Ein Desaster, kommt doch mit der Digitalisierung und Industrie 4.0 eine Welle von Arbeitsplatzabbau auf uns zu. Nach unterschiedlichen Berechnungen sollen 40 bis 70 % aller Arbeitsplätze bedroht sein. Wollen wir einen massiven Anstieg der Arbeitslosigkeit verhindern, wird dies nur über radikale Arbeitszeitverkürzungen möglich sein.

Ganz anders als die Arbeitszeitforderung wurde die Entgeltforderung sehr schnell durchgedrückt ohne viel Zeit zur Diskussion. Es ist jetzt schon zu befürchten, dass jeglicher „Erfolg“ bei der Arbeitszeit auf das Lohnergebnis angerechnet werden dürfte, das zugleich – wie zuletzt üblich – mit Laufzeit und mehreren Stufen so gestaltet werden dürfte, dass es kaum nachzurechnen geht.

Im Osten für die 35

Ebenfalls mit aufnehmen musste der Vorstand die Forderung aus dem Osten, die 35-Stunden-Woche endlich wieder anzugehen. Dort werden noch immer 38-Stunden pro Woche gearbeitet. Hier spielte sich eine Schlacht in der Gewerkschaft ab, und das dürfte der größte Erfolg der Basis innerhalb der IG Metall seit dem von unten erzwungen Streik in der Tarifrunde 2003 sein.

Während in Mecklenburg-Vorpommern als Teil des Bezirks Küste sowie Sachsen-Anhalt im Verbund mit Niedersachsen und Thüringen als Teil des Bezirks Mitte der Apparat die Forderung nach Arbeitszeitverkürzung unterdrücken konnte, gelang dies im Tarifgebiet Berlin-Brandenburg-Sachsen (BBS) nicht. Gegen den Willen des vom Vorstand eingesetzten Bezirksleiters fassten die dortigen Gremien die entsprechenden Beschlüsse. Wo immer sie die Gelegenheit hatten, bei der Bundesvertrauensleutekonferenz oder der Arbeitszeitkonferenz, ergriffen VertreterInnen aus BBS das Wort.

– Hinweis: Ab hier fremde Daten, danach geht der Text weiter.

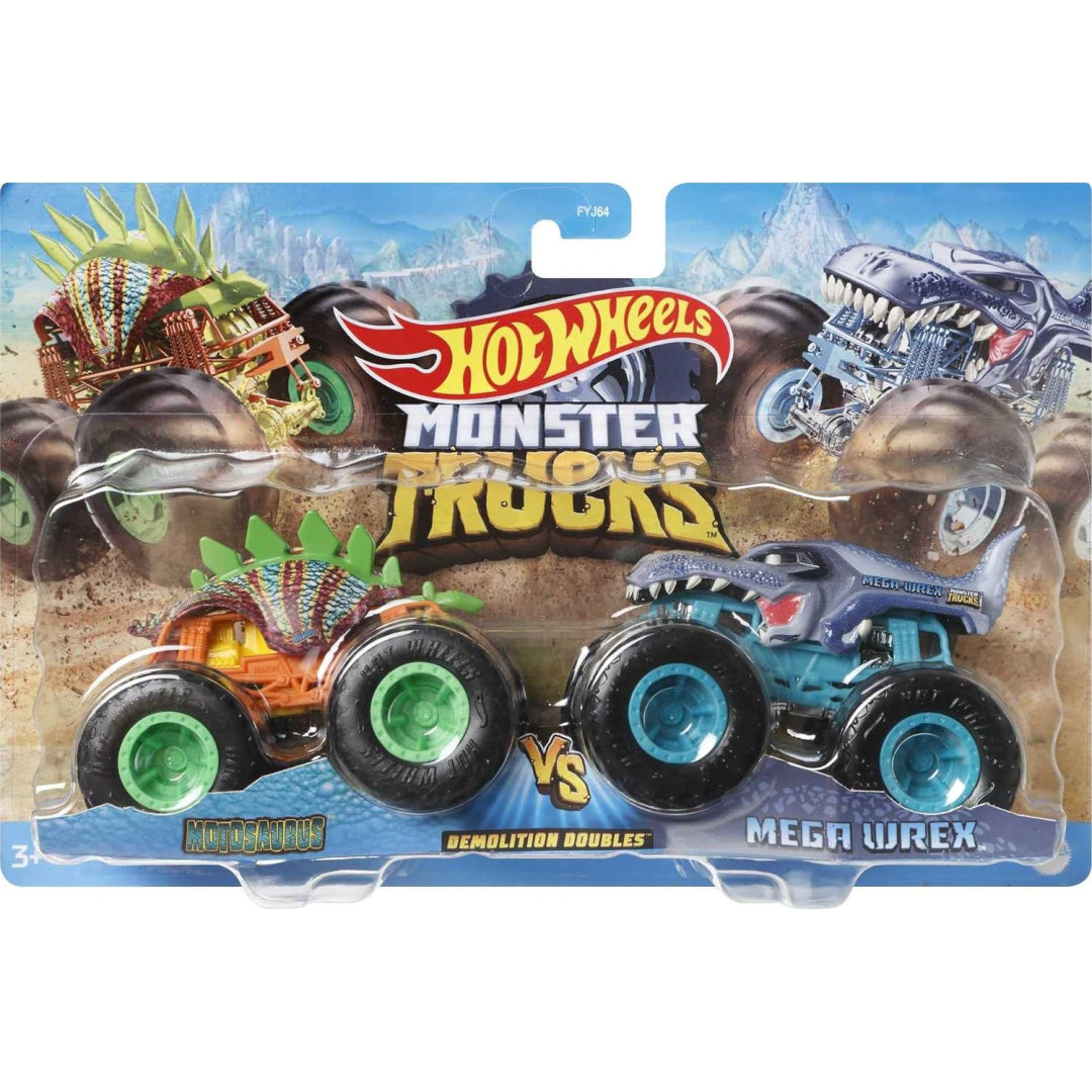 Hot Wheels Monster Trucks Demolition Doubles will amp up the thrill! Epic monster truck fights are brought to life with the Motoaurus vs. Mega Wrex set. It's a titanic battle waiting to happen between these two strong competitors, each with their own distinctive designs and enormous wheels. Crush vehicles, overcome barriers, and let loose with the ferocious joy of monster truck mayhem. This Demolition Doubles set is great for young collectors and enthusiasts as it brings fast-paced excitement to the Hot Wheels Monster Trucks universe. Now let's start the demolition derby!

Die Informationssperre des Vorstands – kein Wort in der „metall“-Zeitung, kein Wort in den Berichten der west-deutschen Bezirksleitungen an die Tarifkommissionen – konnte so durchbrochen werden.

Zwei Pfeile haben die Spitzen-BürokratInnen noch im Köcher, um den Kampf für diese Forderung zu unterlaufen:

       Ein schneller Abschluss: Die Laufzeit für die 38 Stunden in BBS endet ein halbes Jahr später als die Kündigungsfristen der Manteltarifverträge, die auch die Arbeitszeit regeln. Deren Kündigungsfristen hat die IG Metall jetzt gemeinsam mit Gesamtmetall noch harmonisiert – ausdrücklich ohne BBS. Ein schneller Abschluss ließe BBS allein im Regen stehen.

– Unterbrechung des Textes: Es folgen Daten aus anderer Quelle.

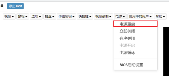 在KVM界面,选择【电源→电源重启】,如下图所示。

       Spaltung: Natürlich ist der Druck bei den Autoherstellern BMW, Porsche und VW höher als in anderen Betrieben im Osten. Jetzt lanciert der Vorstand eine „betriebliche Lösung“ bei der dortigen Arbeitszeit – und würde damit die Tarifeinheit zerstören, indem die kampfkräftigsten Belegschaften Verbesserungen erhalten und die anderen im Stich gelassen werden.

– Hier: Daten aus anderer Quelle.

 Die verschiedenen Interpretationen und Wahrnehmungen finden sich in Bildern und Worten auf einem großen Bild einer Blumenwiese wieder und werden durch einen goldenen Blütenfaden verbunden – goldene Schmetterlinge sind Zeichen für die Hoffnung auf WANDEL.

Beides gilt es zu verhindern.

Die Tarifrunde 2018 birgt durchaus politische Sprengkraft vor dem Hintergrund einer neuen Regierung und des Kampfes um die 35-Stundenwoche im Osten. Können wir im Osten Arbeitszeitverkürzungen durchsetzen, kann dies Ausstrahlen auf andere Branchen und andere Bundesländer und neuen Schwung bringen in eine Bewegung für allgemeine Arbeitszeitverkürzungen – hin zur 30-Stundenwoche bei vollem Entgelt- und Personalausgleich.